Action item » Reproduce word for word the line holding "高三数学--河北省张家口市2022-2023学年高三上学期期末考试" and all lines after it in the data, through the end, leaving out pictures.

Information shown »

= = =

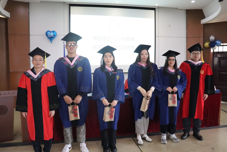 国际公司经理柴志贤、意昂2副经理邓晓军给毕业生代表发送毕业礼物,祝福他们在以后的工作和生活中能够不忘初心,一帆风顺。
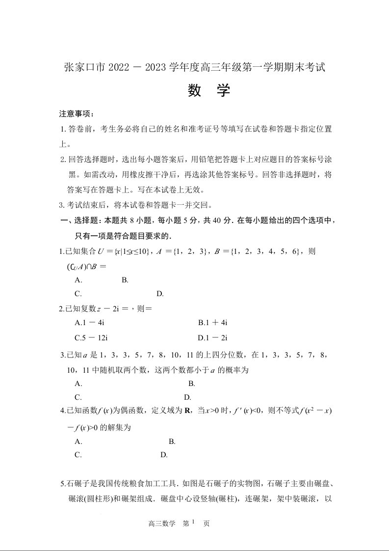 高三数学--河北省张家口市2022-2023学年高三上学期期末考试
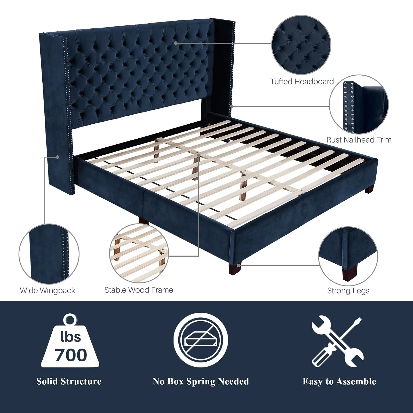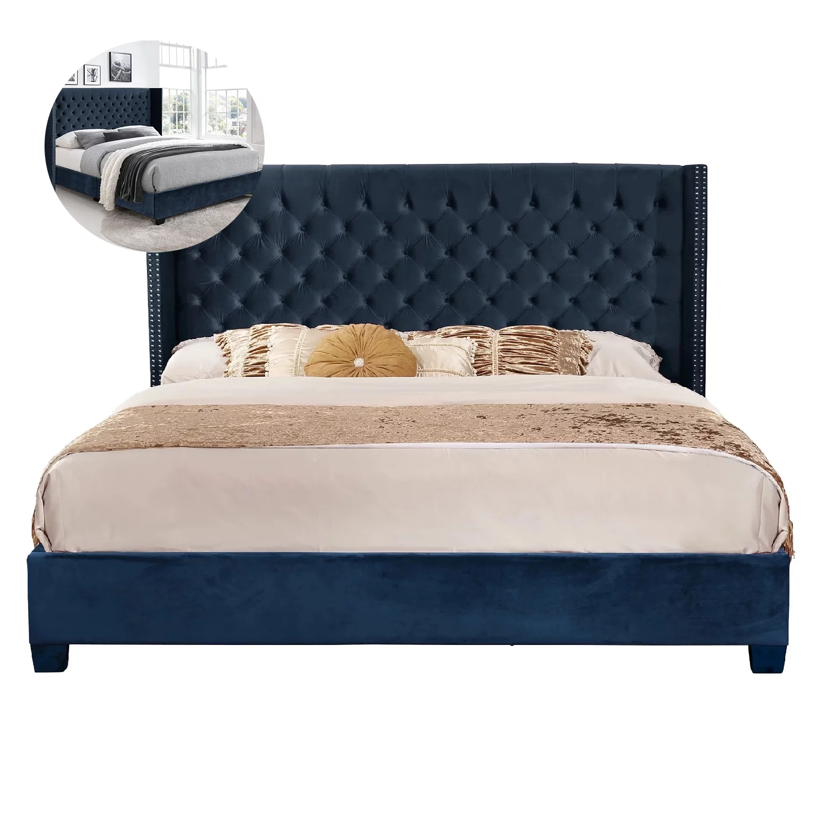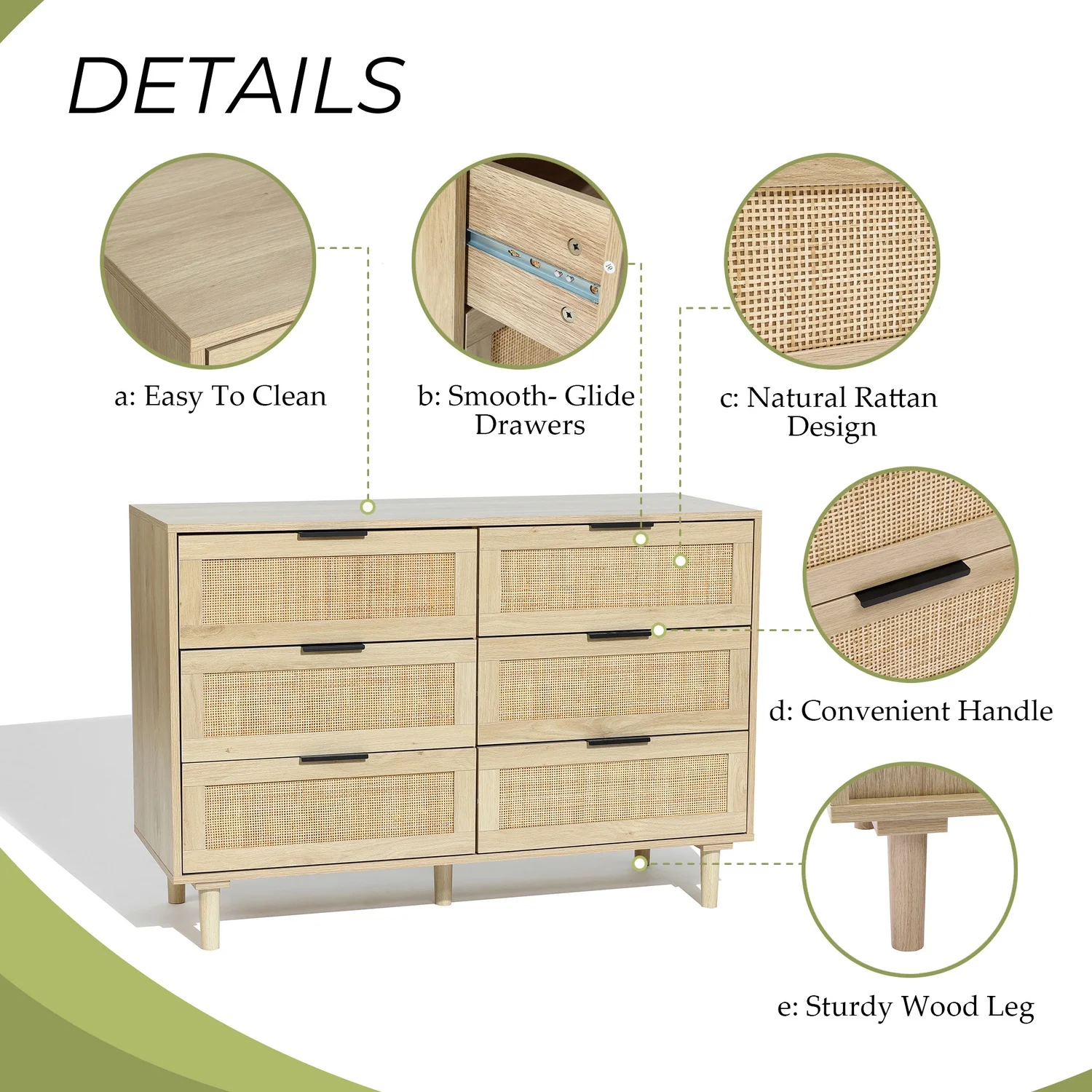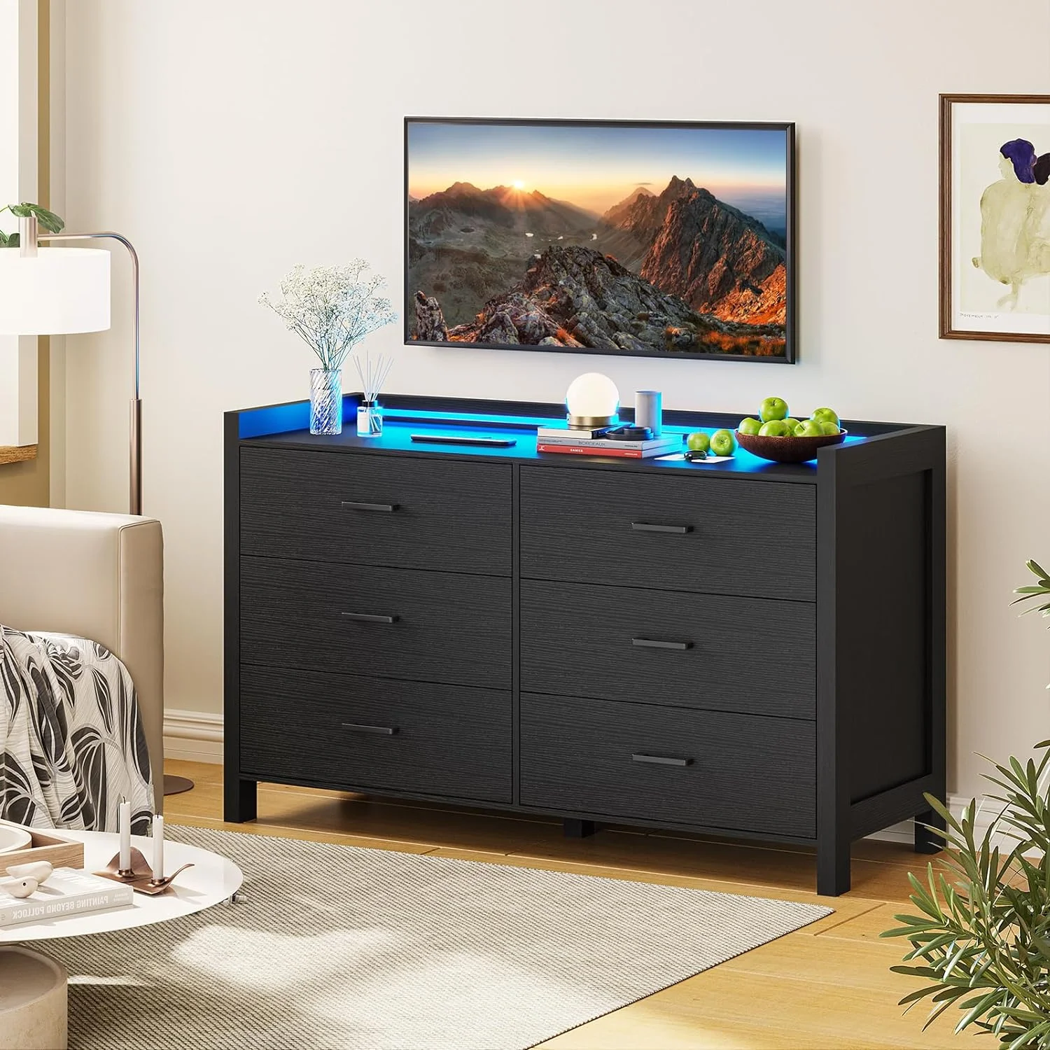 Dresser 6 Drawer Wood Dresser for Bedroom with Storage Modern Gold Navy Blue
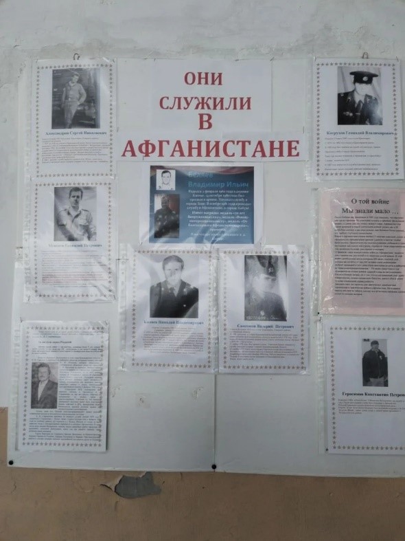 Тяжелая и изнурительная Афганская война длилась с 25 декабря 1979 года по 15 февраля 1989 года. Многие наши земляки лично принимали участие в боевых действиях в Афганистане. На выставке представлены их фотографии, биографические данные и награды. Выставка создана с целью патриотического воспитания подрастающего поколения и молодежи на примерах мужества, героизма, стойкости наших солдат и увековечивания памяти о трагических событиях, проходивших на территории Афганистана.

= = =

Solution to the problem »
 高三数学--河北省张家口市2022-2023学年高三上学期期末考试
 Dresser 6 Drawer Wood Dresser for Bedroom with Storage Modern Gold Navy Blue
 Тяжелая и изнурительная Афганская война длилась с 25 декабря 1979 года по 15 февраля 1989 года. Многие наши земляки лично принимали участие в боевых действиях в Афганистане. На выставке представлены их фотографии, биографические данные и награды. Выставка создана с целью патриотического воспитания подрастающего поколения и молодежи на примерах мужества, героизма, стойкости наших солдат и увековечивания памяти о трагических событиях, проходивших на территории Афганистана.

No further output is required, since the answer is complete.